How long the study will last.
What treatment or approach is being tested.
How information will be collected.
Protocols are in place to lower risks as much as possible and make sure the study can answer important health questions. (Note: Before any new treatment is tested in people, it is first studied in laboratories and in animals to check for safety.)
In many trials, the treatment is compared to something called a placebo. A placebo looks like the treatment but does not have the active ingredient.
Sometimes, a treatment with a different active ingredient is already available and the goal is to create a new one. In this case,
one group may be given the older treatment as a placebo. Often, the researchers and the participants do not know who is getting the treatment or the placebo until the study ends. This is called a double-blind study. It is another way to help keep the results fair and to avoid bias.
Possible benefits and risks of a pediatric clinical trial
Clinical trials exist because doctors don't always know the best treatment—or a new treatment may work better than what is available now.
Being part of a trial may offer benefits. Your child may get access to medical specialists who are experts in their field. They may be able to try new therapies and learn more about their health condition. With a trial, kids may also have closer monitoring or extra testing that are not part of regular care. Financial or other rewards may be offered. And your child will have the opportunity to be part of something that may help other children.
However, there may also be risks. such as side effects or the chance that the treatment may not work.
The clinical trial may take a lot of time. There might be complex medicine dosing or procedures. Or you may spend extra time on visits to the study site, more tests, treatments or stays at the hospital.
What does consent mean in clinical trials?
Before you and your child agree to join a clinical trial, it's important that you know all the facts.
Informed consent is part of the clinical trial process. Informed consent ensures that parents fully understand the trial. Informed consent gives permission but is not a contract. Parents and children can leave a clinical trial at any time. If a child leaves during the trial, doctors may recommend taking certain safety steps before stopping the treatment.
"Assent" from children in many clinical trials is also needed. Assent is when a child agrees to be in a clinical trial. The child must be old enough to understand the basic facts and ask questions about the trial.
In some cases, the risks and benefits are not fully known at the start of the study. Your care team is here to help you and your child make those important decisions.
Questions to ask about the clinical trial
The following questions can help you and your child learn as much as possible about the process before you join a clinical trial:
What is the purpose of the trial?
Is the trial approved by the institutional review board (IRB) and/or (if the trial involves American Indian or Alaska Native participants/communities) tribal IRB?
Is there an age range?
Who is sponsoring or funding the trial? (For example, medical institutions, pharmaceutical companies or federal agencies.)
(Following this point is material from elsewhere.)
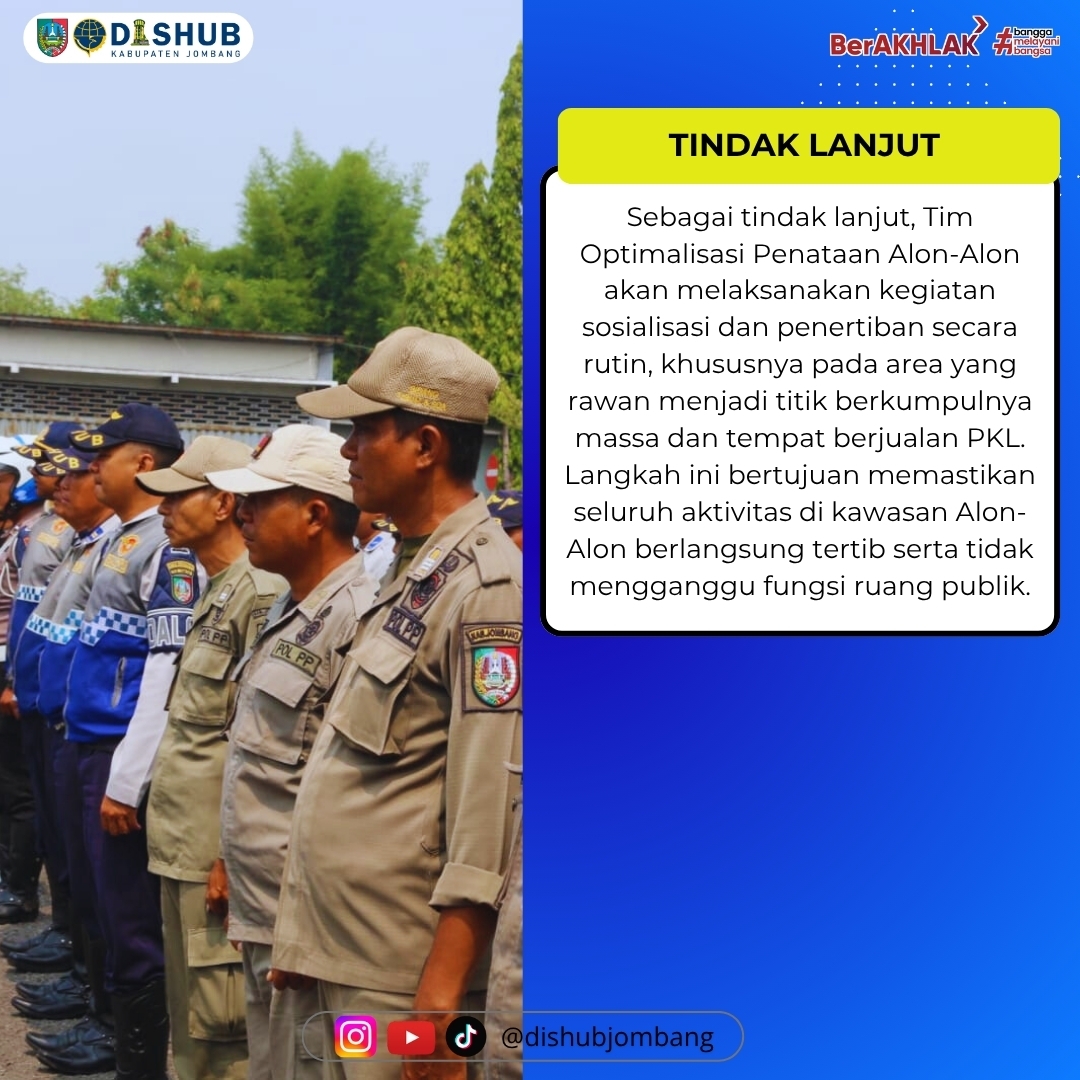 Sebagai tindak lanjut dari ketetapan tersebut, Pemerintah Kabupaten Jombang membentuk Tim Optimalisasi Penataan Alon-Alon yang bertugas melaksanakan sosialisasi, pengawasan, dan penertiban secara berkala. Sasaran utama kegiatan ini meliputi titik-titik yang selama ini menjadi lokasi kerumunan dan aktivitas perdagangan yang tidak sesuai dengan peruntukan ruang publik.

Why do the researchers believe that the treatment in the study could be better than others used now?
What tests and treatments are involved? Are they risky or harmful? How often do they need to be performed?
How will the doctor know if the treatment is working? When will we be told about the results of the trial?
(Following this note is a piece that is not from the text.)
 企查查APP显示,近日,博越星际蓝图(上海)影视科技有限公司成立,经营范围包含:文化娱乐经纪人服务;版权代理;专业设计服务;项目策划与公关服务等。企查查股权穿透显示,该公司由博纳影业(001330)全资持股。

What are possible benefits?
What are the side effects or risks and how do they compare with the standard treatment?
If my child receives a placebo, could that be harmful to their health?
Will my child be unable to have other treatments if they join the clinical trial? What will happen to my child's illness or disease without treatment?
Will I have access to my child's test results during the trial?
How will my child's health information be kept private? Who has access to this information?
If the clinical trial involves collecting a body specimen (for example: blood, skin or other tissue, sputum (spit) sample, etc.), will it be destroyed after the trial ends? How do I know if my child's specimen will not be used for any other research after the trial?
Will I have to pay for any of the treatments or tests? What costs will my health insurance cover, and who can answer questions about insurance?
Who pays the medical bills if my child is injured in the trial?
Words used in pediatric clinical trials
assent—When a child agrees to be in a study.
masking—When participants and/or the study team do not know which treatment participants are getting until the trial is over.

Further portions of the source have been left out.